The deadlift is the king of posterior chain strengthening exercises. It strengthens the lats, lumbar extensors, glutes, hamstrings, and everything in between. When executed properly the movement teaches one to hip-hinge and have adequate control over their hips and low back.

Can you strengthen a bad back? ›

After any back problem, it's important to get movement and strength back. This supports tissue healing and will help you get moving again. You may not be able to return to your usual exercise levels immediately and improvements may be slow to start with.

Does walking strengthen your back? ›

Walking is one of the best exercises for your entire body, and that's also true for your back. In fact, the American Academy of Orthopedic Surgeons recommends walking as part of a recovery plan from back surgery.
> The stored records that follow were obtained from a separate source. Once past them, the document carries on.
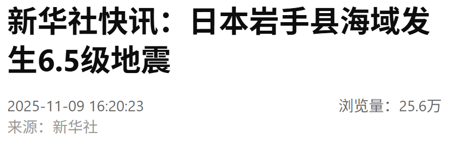 另据新华社消息,日本岩手县海域发生6.5级地震。日本气象厅随后发布了对日本东北地区的“海啸注意报”,预计岩手县局地可能出现最高约1米的海啸,请沿岸民众保持警惕,远离海岸和河口区域。
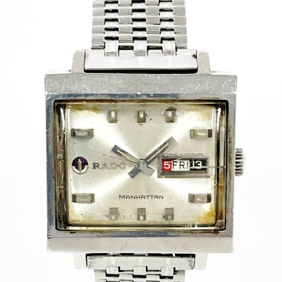 【1円スタート】RADO ラドー MANHATTAN マンハッタン スクエア SS シルバー文字盤 自動巻き ボーイズ腕時計 ジャンク 490660
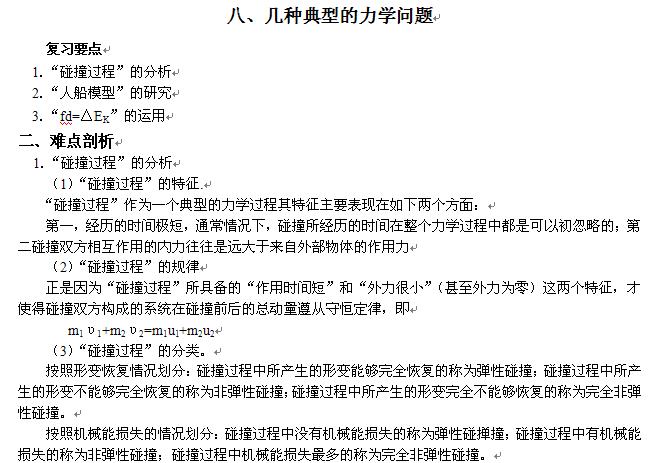 高考总复习物理资料:几种典型的力学问题
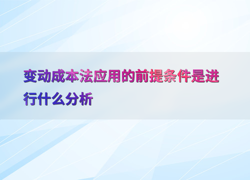 变动成本法应用的前提条件是进行什么分析
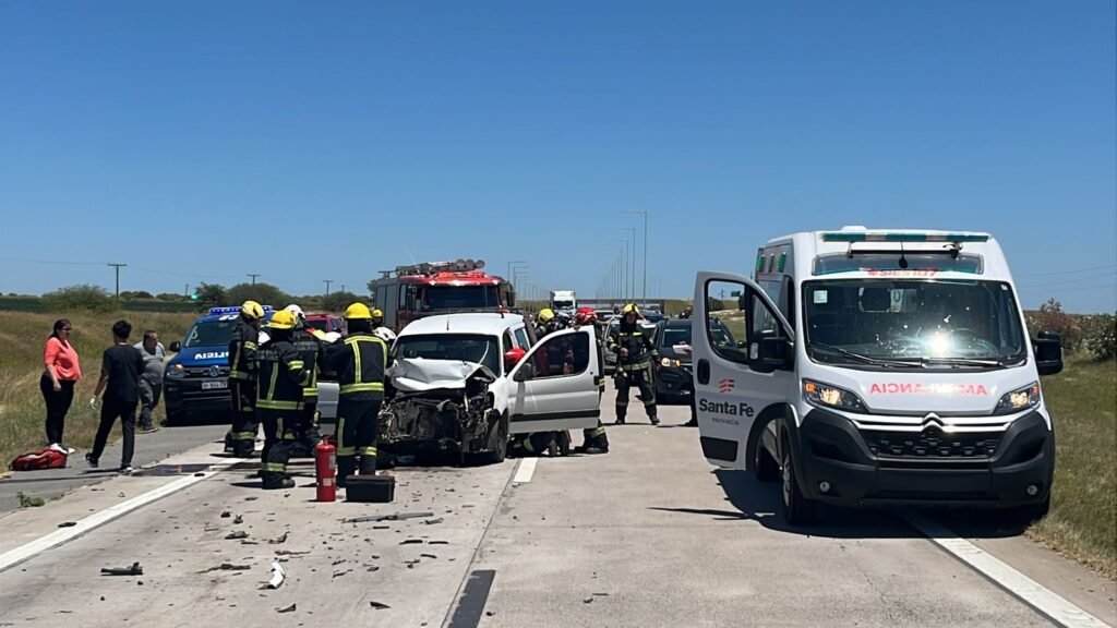Un camión y un utilitario colisionaron por alcance en el kilómetro 355 de la autopista, mano a Rosario. Dos personas fueron rescatadas por Bomberos y trasladadas al Hospital San José, mientras que el tránsito permaneció totalmente cortado.

Walking: Strengthens the trunk, core, and lumbar muscles (all of which support your spine)

How do you cure a weak back? ›

Here are eight tips to ease some pain and keep your back healthy:
  1. Strengthen your core muscles. ...
  2. Stretch daily. ...
  3. Avoid sitting with poor posture. ...
  4. Take walks. ...
  5. Lift correctly. ...
  6. Reduce pressure on your back when you sleep. ...
  7. Watch your weight. ...
  8. Quit smoking.
Jun 7, 2022

What is the Harvard two step exercise? ›

Procedure. The test subject repeatedly steps onto and off of a platform in a cycle of two seconds. The height of the platform is 20 inches or 51 centimetres for men and 16 inches or 41 centimetres for women. The rate of 30 steps per minute must be sustained for five minutes or until exhaustion.
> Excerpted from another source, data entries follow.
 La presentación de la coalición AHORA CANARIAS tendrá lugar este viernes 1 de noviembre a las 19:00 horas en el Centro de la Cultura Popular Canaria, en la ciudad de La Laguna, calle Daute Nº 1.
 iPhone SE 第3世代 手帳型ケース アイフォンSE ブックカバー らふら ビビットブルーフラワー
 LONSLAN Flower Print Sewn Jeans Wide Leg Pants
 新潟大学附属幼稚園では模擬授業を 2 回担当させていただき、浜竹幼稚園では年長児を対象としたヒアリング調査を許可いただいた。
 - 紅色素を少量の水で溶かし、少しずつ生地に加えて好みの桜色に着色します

What exercise burns the most belly fat? ›

Some of the best exercises to burn fat include planks, Russian twists, and bicycle crunches. These exercises target the core muscles, helping to tone and tighten your midsection. Creating a routine is essential for achieving your fitness goals. Start with a warm-up to prepare your body for the workout.

What is the Harvard recommendation for exercise? ›

Your goal should be no less than 150 minutes of moderate intensity activity per week, but if you can't start at that level, work up to it (and then past it).

Is there one exercise that works the whole back? ›

Barbell deadlift

It hits the entire posterior chain — from your upper back all the way down to your calves — making it a great full-body move. Muscles worked: Working the erector spinae muscles, hamstrings, glutes, and shoulder stabilizers, a barbell deadlift requires back strength to effectively complete.

How can I make my back bigger and stronger? ›

8 Exercises to Build a Wider Back + Sample Workout
  1. Tips for Building a Wider Back.
  2. The Best Exercises for a Wide Back.
  3. Wide Grip Lat Pulldowns.
  4. Reverse Grip Rows.
  5. Dumbbell Pullovers.
  6. Seated Resistance Band Row.
  7. Long Angle Dumbbell Row.
  8. Standing Cable Rope Pullover.
Aug 23, 2023

How long will it take to strengthen my back? ›

Most can expect to see noticeable muscle growth within eight weeks of starting a new strength training routine. Linking this with aches/pains/injuries when seeing your Physiotherapist, most people look for a quick fix and once they are out of pain then they think they are cured.

How to build a huge back? ›

5 MOVES FOR A MASSIVE BACK
  1. WIDE-GRIP PULLDOWN. The focus here is warming up – getting the blood pumping into the muscle and activating the lats. ...
  2. T-BAR ROW. Now we're getting to the hard work. ...
  3. BARBELL ROW. Moving onto another row movement, but with a wider, overhand grip. ...
  4. PLATE-LOADED SEATED ROW. ...
  5. DEADLIFT.

Do push-ups strengthen your back? ›

They work the triceps, pectoral muscles, and shoulders. When done with proper form, they can also strengthen the lower back and core by engaging (pulling in) the abdominal muscles. Pushups are a fast and effective exercise for building strength. They can be done from virtually anywhere and don't require any equipment.